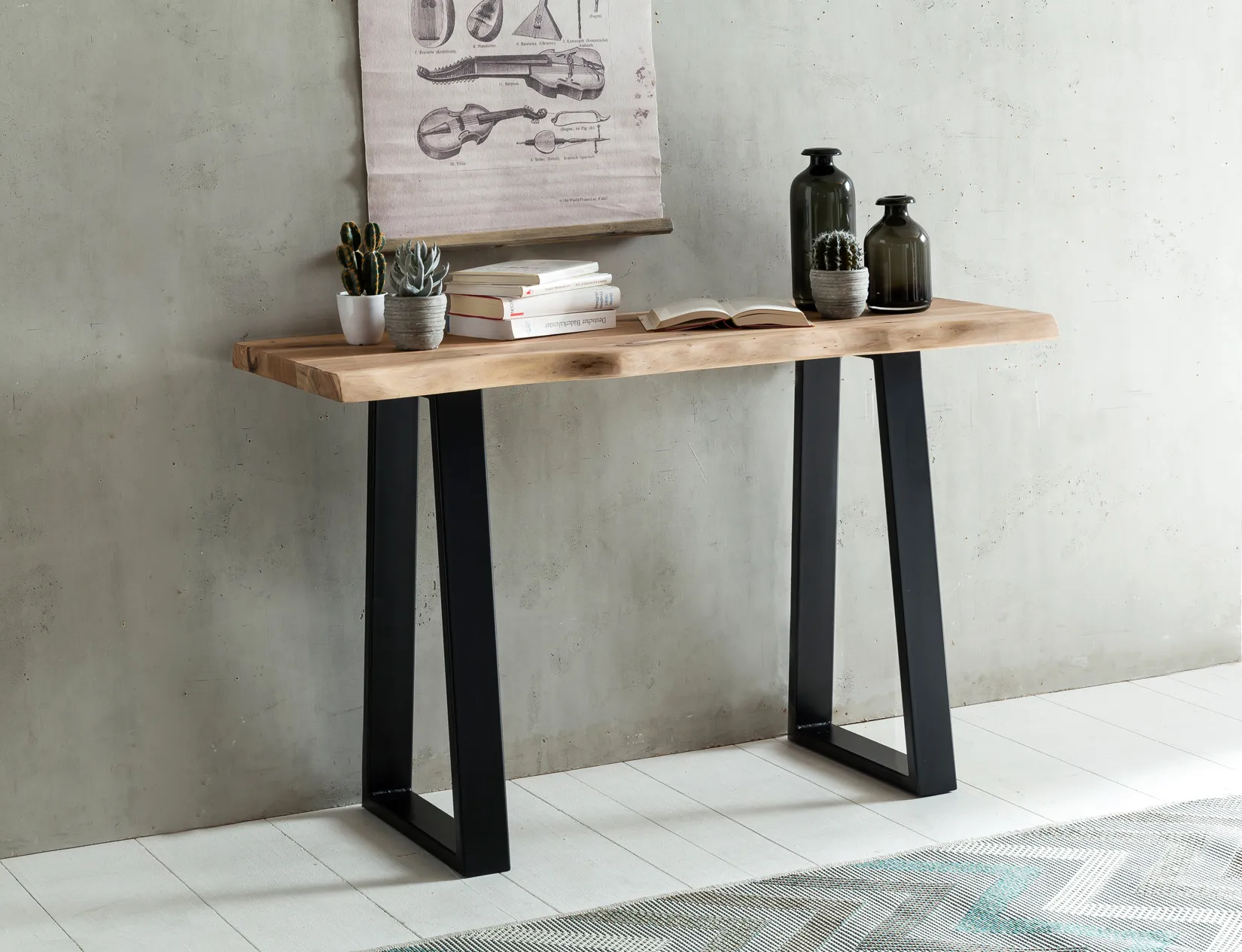 Design und Verwendung: Die natürlichen Unebenheiten und die Wuchtigkeit machen die Konsole einzigartig. Durch die kompakte Größe von 120 cm findet man auch in kleineren Räumen den perfekten Platz für den Tisch - Sowohl als Konsolentisch, als auch als Schreibtisch verwendbar - der Bürostuhl lässt sich unter den Tisch schieben.
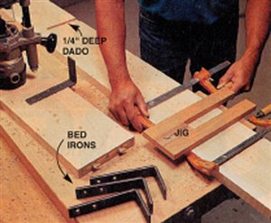 28. Mount the bed irons after cutting dadoes in the side rails with the bed iron jig.
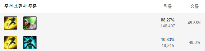 진은 원딜이기 때문에 점멸과 회복을 들어주는게 보통입니다. 또한 도주기가 없는 챔피언이기 때문에 상대방 챔피언들이 앨리스, 아리, 조이, 레오나 등 하드 CC기 스킬이 많은 경우 정화를 드는 경우도 종종 있습니다.

● ● ● ● ● ● ●

* _Goal of the exercise_: Take the lines from the one containing "28. Mount the" through the final line of the listing above and print them exactly, including both ends but no pictures.

* _Solved exercise_:
 28. Mount the bed irons after cutting dadoes in the side rails with the bed iron jig.
 진은 원딜이기 때문에 점멸과 회복을 들어주는게 보통입니다. 또한 도주기가 없는 챔피언이기 때문에 상대방 챔피언들이 앨리스, 아리, 조이, 레오나 등 하드 CC기 스킬이 많은 경우 정화를 드는 경우도 종종 있습니다.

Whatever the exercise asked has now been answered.